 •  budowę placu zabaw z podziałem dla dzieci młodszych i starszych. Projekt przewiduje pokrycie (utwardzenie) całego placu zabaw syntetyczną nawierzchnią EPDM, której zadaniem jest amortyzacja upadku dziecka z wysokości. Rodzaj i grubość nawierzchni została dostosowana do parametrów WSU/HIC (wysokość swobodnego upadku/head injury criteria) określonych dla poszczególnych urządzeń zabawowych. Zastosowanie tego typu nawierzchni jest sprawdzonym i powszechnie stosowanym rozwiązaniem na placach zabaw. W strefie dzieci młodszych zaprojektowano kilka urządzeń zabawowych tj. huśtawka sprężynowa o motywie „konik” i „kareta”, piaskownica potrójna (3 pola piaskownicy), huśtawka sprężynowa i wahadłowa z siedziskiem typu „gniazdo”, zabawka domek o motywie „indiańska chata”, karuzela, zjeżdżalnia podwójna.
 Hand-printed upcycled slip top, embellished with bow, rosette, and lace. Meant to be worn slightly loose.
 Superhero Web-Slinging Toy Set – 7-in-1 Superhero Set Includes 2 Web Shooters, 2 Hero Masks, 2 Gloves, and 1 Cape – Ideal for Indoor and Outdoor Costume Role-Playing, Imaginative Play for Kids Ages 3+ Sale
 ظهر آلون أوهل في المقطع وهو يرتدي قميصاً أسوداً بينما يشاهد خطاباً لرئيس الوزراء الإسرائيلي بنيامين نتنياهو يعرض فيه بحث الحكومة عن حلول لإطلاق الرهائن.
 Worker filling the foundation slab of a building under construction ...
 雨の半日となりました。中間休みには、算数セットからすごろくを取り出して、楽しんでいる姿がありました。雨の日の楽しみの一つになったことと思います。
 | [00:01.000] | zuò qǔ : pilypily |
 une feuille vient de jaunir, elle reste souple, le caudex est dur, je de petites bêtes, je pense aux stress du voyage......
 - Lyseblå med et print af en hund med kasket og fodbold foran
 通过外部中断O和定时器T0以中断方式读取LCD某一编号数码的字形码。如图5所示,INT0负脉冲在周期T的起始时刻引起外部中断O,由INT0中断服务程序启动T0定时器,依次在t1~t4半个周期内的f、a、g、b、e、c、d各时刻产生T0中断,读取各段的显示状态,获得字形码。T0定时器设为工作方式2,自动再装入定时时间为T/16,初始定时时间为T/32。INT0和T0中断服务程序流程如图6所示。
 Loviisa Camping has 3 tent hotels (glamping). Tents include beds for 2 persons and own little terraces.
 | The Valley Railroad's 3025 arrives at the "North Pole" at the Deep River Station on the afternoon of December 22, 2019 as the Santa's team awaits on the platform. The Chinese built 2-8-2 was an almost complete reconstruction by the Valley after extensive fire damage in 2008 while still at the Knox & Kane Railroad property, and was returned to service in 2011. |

■ **Required work**
Copy the listing above. Match every line exactly.

■ **Solved exercise**
 •  budowę placu zabaw z podziałem dla dzieci młodszych i starszych. Projekt przewiduje pokrycie (utwardzenie) całego placu zabaw syntetyczną nawierzchnią EPDM, której zadaniem jest amortyzacja upadku dziecka z wysokości. Rodzaj i grubość nawierzchni została dostosowana do parametrów WSU/HIC (wysokość swobodnego upadku/head injury criteria) określonych dla poszczególnych urządzeń zabawowych. Zastosowanie tego typu nawierzchni jest sprawdzonym i powszechnie stosowanym rozwiązaniem na placach zabaw. W strefie dzieci młodszych zaprojektowano kilka urządzeń zabawowych tj. huśtawka sprężynowa o motywie „konik” i „kareta”, piaskownica potrójna (3 pola piaskownicy), huśtawka sprężynowa i wahadłowa z siedziskiem typu „gniazdo”, zabawka domek o motywie „indiańska chata”, karuzela, zjeżdżalnia podwójna.
 Hand-printed upcycled slip top, embellished with bow, rosette, and lace. Meant to be worn slightly loose.
 Superhero Web-Slinging Toy Set – 7-in-1 Superhero Set Includes 2 Web Shooters, 2 Hero Masks, 2 Gloves, and 1 Cape – Ideal for Indoor and Outdoor Costume Role-Playing, Imaginative Play for Kids Ages 3+ Sale
 ظهر آلون أوهل في المقطع وهو يرتدي قميصاً أسوداً بينما يشاهد خطاباً لرئيس الوزراء الإسرائيلي بنيامين نتنياهو يعرض فيه بحث الحكومة عن حلول لإطلاق الرهائن.
 Worker filling the foundation slab of a building under construction ...
 雨の半日となりました。中間休みには、算数セットからすごろくを取り出して、楽しんでいる姿がありました。雨の日の楽しみの一つになったことと思います。
 | [00:01.000] | zuò qǔ : pilypily |
 une feuille vient de jaunir, elle reste souple, le caudex est dur, je de petites bêtes, je pense aux stress du voyage......
 - Lyseblå med et print af en hund med kasket og fodbold foran
 通过外部中断O和定时器T0以中断方式读取LCD某一编号数码的字形码。如图5所示,INT0负脉冲在周期T的起始时刻引起外部中断O,由INT0中断服务程序启动T0定时器,依次在t1~t4半个周期内的f、a、g、b、e、c、d各时刻产生T0中断,读取各段的显示状态,获得字形码。T0定时器设为工作方式2,自动再装入定时时间为T/16,初始定时时间为T/32。INT0和T0中断服务程序流程如图6所示。
 Loviisa Camping has 3 tent hotels (glamping). Tents include beds for 2 persons and own little terraces.
 | The Valley Railroad's 3025 arrives at the "North Pole" at the Deep River Station on the afternoon of December 22, 2019 as the Santa's team awaits on the platform. The Chinese built 2-8-2 was an almost complete reconstruction by the Valley after extensive fire damage in 2008 while still at the Knox & Kane Railroad property, and was returned to service in 2011. |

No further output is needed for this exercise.